„Ich hoffe, dass die Bundesregierung von diesem Unsinn absieht“ – so brachte Ingo Kramer, Präsident der Bundesvereinigung der Deutschen Arbeitgeberverbände (BDA), seine Ablehnung eines Lieferkettengesetzes zum Ausdruck. Bei reinen Stellungnahmen blieb es allerdings nicht: Mit gezieltem Druck auf Ministerien und Bundeskanzleramt versuchen Unternehmensverbände derzeit, eine gesetzliche Regelung für unternehmerische Sorgfaltspflichten zu verhindern.

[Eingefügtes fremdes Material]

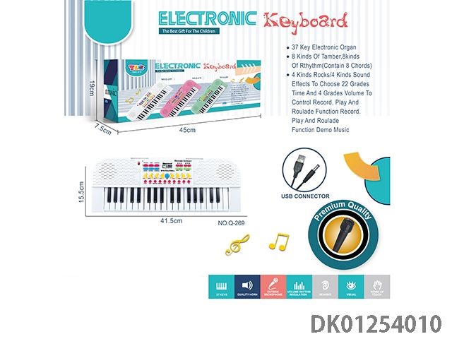 37 Key multifunctional electronic organ with microphone, usb interface cable (white)
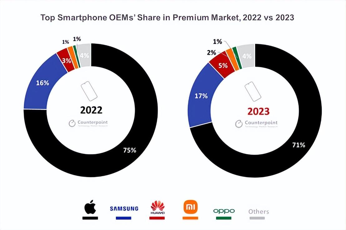 1. 全球市场份额提升:在2023年,华为在全球高端手机市场的份额从2022年的3%提升至5%,主要得益于Mate60系列的成功表现。
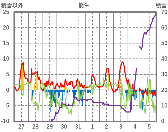 | 日 | 時 | 気温 | 降水 | 風向/風速 | 日照 | 積雪 | 降雪 |
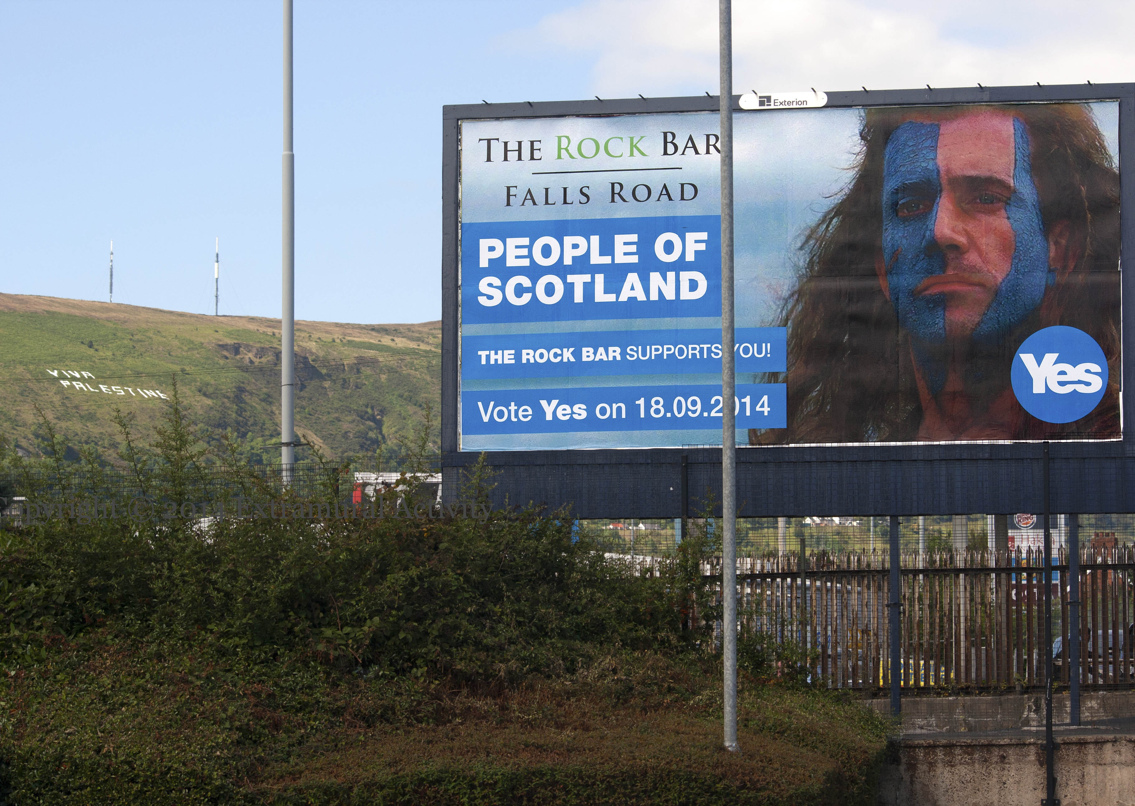 Scots and other residents of Scotland go to the polls on September 18th to vote on independence (WP). The Rock Bar uses the image of Mel Gibson in Braveheart to encourage them to vote “Yes’; recent polls show a slight but persistent preference for a “no” response. In the background of the wide shot (below), the Viva Palestine lettering can still (2014-08-26) be seen on Slıabh Dubh/Black Mountain.
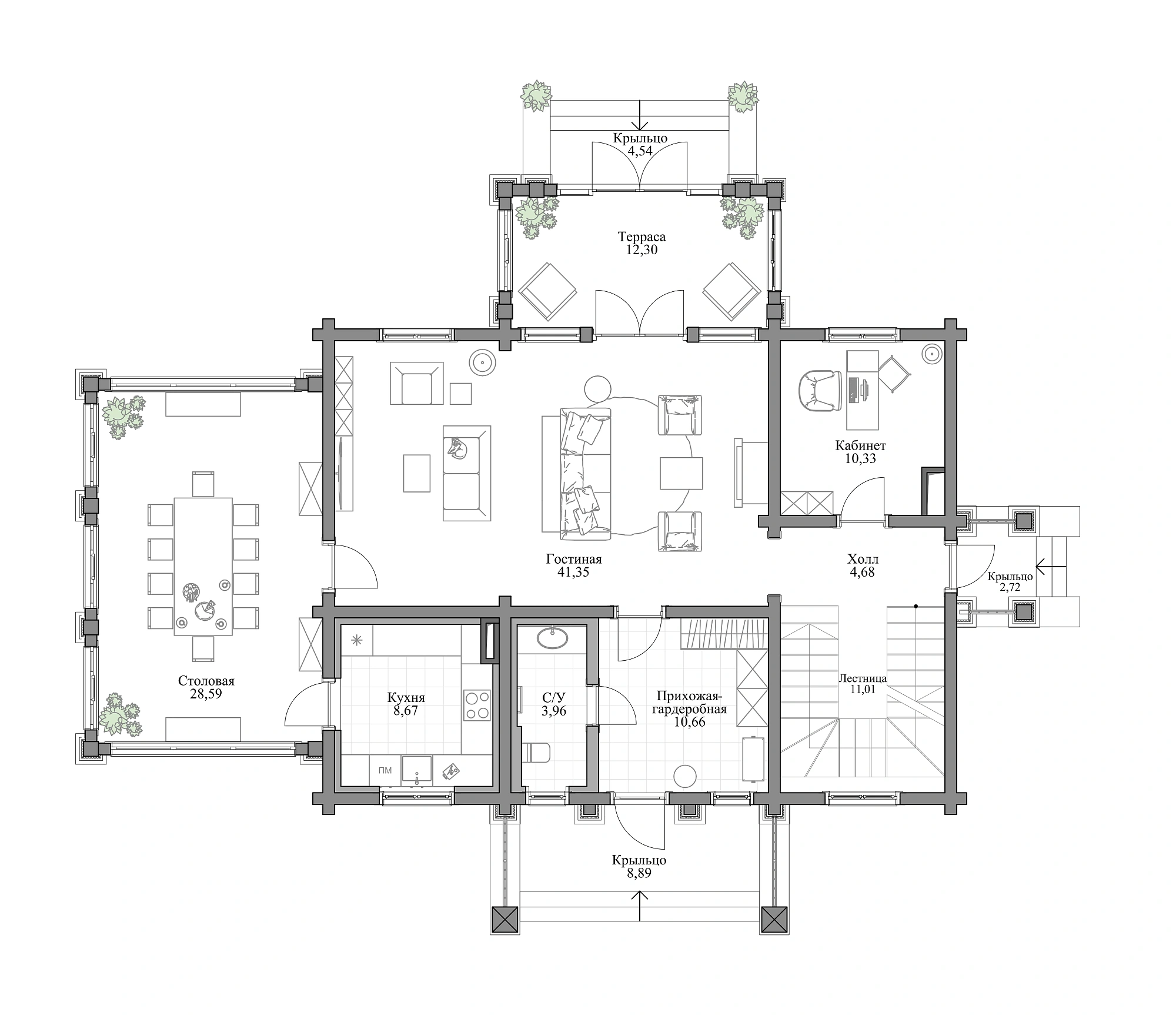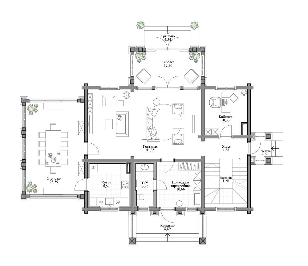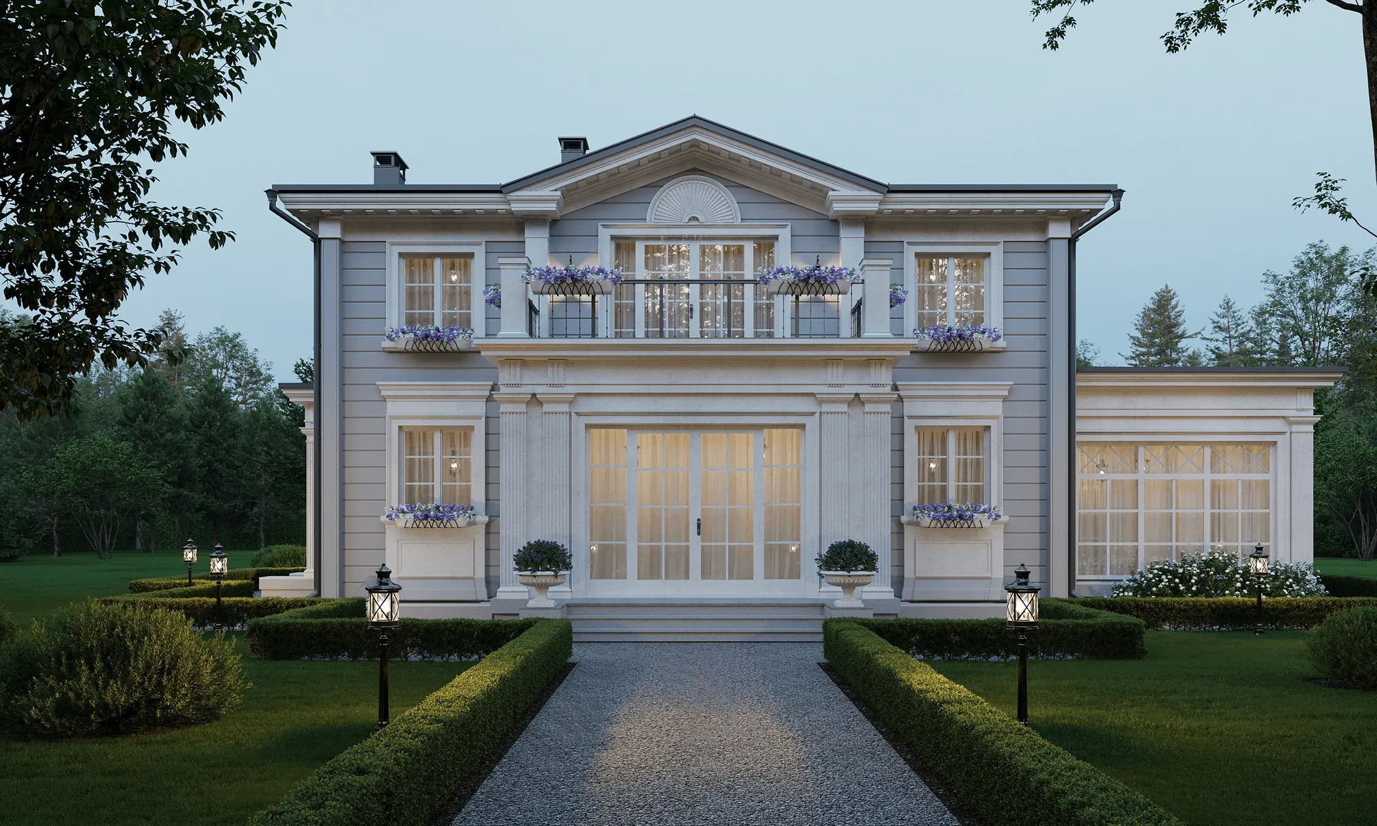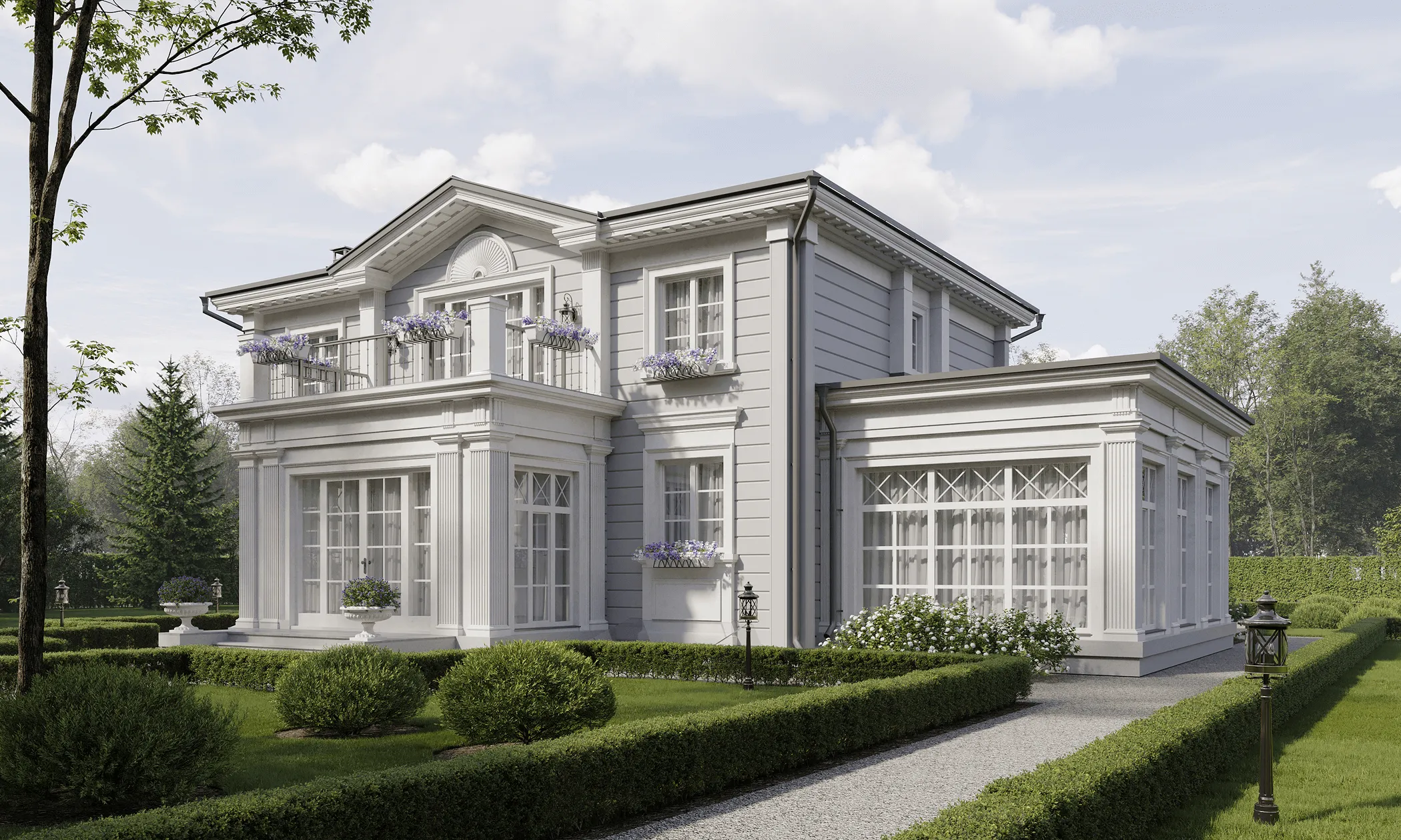 Дом в стиле русская усадьба в живописном месте рядом с лесом – таким был запрос семейной пары. Стиль выбран не случайно: участок располагается в Калужской области недалеко от монастыря Оптина Пустынь, и дом должен гармонично вписываться в местный архитектурный и природный ландшафт. Это не просто дача, а место, где время замедляет свой бег. Как прекрасно просыпаться утром под пение птиц и видеть за окном зелёный простор леса, который плавно перетекает в спокойствие монастырских куполов. А вечера проводить в тепле камина за семейными беседами или общением с гостями. Здесь можно найти вдохновение, уединение, гармонию с собой и окружающим миром. Этот дом создан для того, чтобы лелеять семейные традиции и дарить радость. Перед специалистами стояла задача воссоздать облик русской усадьбы. А это не просто дом – это целостный архитектурно-ландшафтный ансамбль. Участок граничит с лесом, что создает иллюзию перехода в пейзажный парк и лесные угодья, как это было в усадьбах XVIII века. Симметричное двухэтажное здание из бруса площадью 237,77 м2 венчает вальмовая крыша с фронтонами по двум сторонам. Три входные группы и терраса украшены колоннами, а окна – элегантными наличниками, характерными для стиля усадьбы. Фасады выполнены в светло-сером цвете с белыми колоннами и наличниками. Изюминка проекта – витражные панорамные окна столовой и террасы. Дом спланирован таким образом, чтобы обеспечить семье и персоналу комфорт и приватность. Первый этаж занимает площадь 147,7 м2. С главного крыльца вход ведет в просторную прихожую-гардеробную с системой хранения и санузлом. В центральной части этажа – гостиная с мягкой зоной, камином и зоной ТВ. Из гостиной можно выйти на террасу. Благодаря теплому полу здесь можно поддерживать комфортную температуру даже в холодное время года. В левом крыле находится большая столовая для приема гостей площадью 28,59 м2. Оттуда ведет вход в кухню – ее специально сделали изолированной, чтобы запахи от приготовления пищи не распространялись по дому. Правое крыло первого этажа занимают кабинет и холл с лестницей на второй этаж. На втором этаже площадью 90,07 м2 находятся две спальни – обе оборудованы гардеробными и санузлами. Мастер-спальня 16,15 м2 с панорамным остеклением имеет выход на видовой балкон площадью 12,66 м2. В гостевой спальне тоже панорамное окно и французский балкон. Комнаты разделены просторным холлом и представляют собой два самодостаточных блока. Высота потолков на первом этаже 3 м, на втором – переменная: от 2,5 до 3,5 м.

Nachdem deutsche Unternehmensvertretungen schon 2016 bei der Erarbeitung des Nationalen Aktionsplan Wirtschaft und Menschrechte (NAP) alle Hebel in Bewegung gesetzt hatten, um die Verbindlichkeit von Sorgfaltspflichten aus dem NAP zu streichen, richten sich die Bemühungen der Wirtschaftslobby derzeit auf eine Abschwächung des sogenannten „NAP-Monitorings“. Das Monitoring soll seit Herbst 2018 anhand einer Befragung von Unternehmen feststellen, inwieweit in Deutschland ansässige Firmen ihrer im NAP verankerten freiwilligen Sorgfaltspflicht bereits nachkommen. Sollte im Ergebnis weniger als die Hälfte der befragten Unternehmen diese Verpflichtungen nicht umsetzen, will die Bundesregierung Ende 2020 ein entsprechendes Gesetz einführen.

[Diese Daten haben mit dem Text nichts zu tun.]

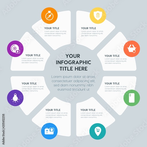 Circle chart location, security, video, photos infographic template with 8 options for presentations, advertising, annual reports
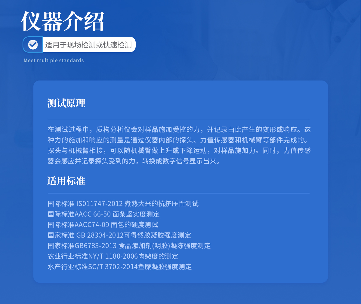 | 國際標準 IS011747-2012 煮熟大米的抗擠壓性測試 | 國際標準AACC 66-50 面條堅實度測定 | 國際標準AACC74-09 面包的硬度測試 | **** GB 28304-2012可得然膠凝膠強度測定 | ****GB6783-2013 食品添加劑(明膠)凝凍強度測定 | 農(nóng)業(yè)行業(yè)標準NY/T 1180-2006肉嫩度的測定 | 水產(chǎn)行業(yè)標準SC/T 3702-2014魚糜凝膠強度測定 |

Um dies zu verhindern, arbeiteten Unternehmensverbände daran, die Methodik dieses Monitorings so zu verwässern, dass möglichst viele Unternehmen den Anforderungen genügen werden. Im März 2019 scherten das Bundeskanzleramt und das Bundeswirtschaftsministerium (BMWi) unerwartet aus dem Konsens der anderen Ministerien zur Methodik aus und forderten weitreichende Änderungen. Die Auswertung verschiedener Anfragen nach dem Informationsfreiheitsgesetz zeigt, dass sich in der Zeit dieses interministeriellen Streits von Anfang März bis Ende Juli 2019 das BMWi elfmal mit Vertreter*innen von Unternehmen und Unternehmensverbänden zur Thematik des NAP-Monitorings traf. Auch im Auswärtigen Amt und im Bundeskanzleramt fanden mehrere Treffen statt. Wirtschaftslobbyist*innen wandten sich außerdem mit zahlreichen Schreiben an die Bundesregierung. Im Mai trat beispielsweise der BDA-Hauptgeschäftsführer Steffen Kampeter (der noch bis 2015 parlamentarischer Staatssekretär im Finanzministerium war und so über beste Kontakte verfügt) in einem Brief in vertrautem Ton an Bundeswirtschaftsminister Peter Altmaier und Kanzleramtsminister Helge Braun („Lieber Peter“, „lieber Helge“) heran und bat „nachdrücklich“ um Unterstützung. „Die Frage, ob die Bundesregierung ein für die Wirtschaft derartig schädliches Gesetz […] einführt, darf nicht von einem untauglichen und das wirkliche Engagement der Unternehmen verzerrenden Monitoring abhängen […]. Vielmehr sollte die Bundesregierung weiterhin dem Freiwilligkeitsgrundsatz folgen und mit der Wirtschaft gemeinsam sachgerechte Vorgehensweisen entwickeln.“

Der Erfolg dieser Lobbyarbeit zeigt sich in einem weiteren Schreiben des Deutschen Industrie- und Handelskammertags (DIHK) an Minister Altmaier, in dem sich dafür bedankt wird, „dass insbesondere Ihr Haus [das BMWi; Anm. der Red.] im Rahmen der Ressortgespräche bereit ist, die Wirtschaftsperspektive einzubringen.“ Die in den Ressort-Streit eingebrachten Forderungen des BMWi und des Kanzleramts für Änderungen am NAP-Monitoring deckten sich dann auch in vielerlei Hinsicht mit denen der Wirtschaftsverbände. Das BMWi setzte eine ganze Reihe von Änderungen der Methodik des Monitorings durch, welche die Anzahl der „Nicht-Erfüller“ in der Bewertung der Umfrageergebnisse deutlich senkt und ein Gesetz damit unwahrscheinlicher macht.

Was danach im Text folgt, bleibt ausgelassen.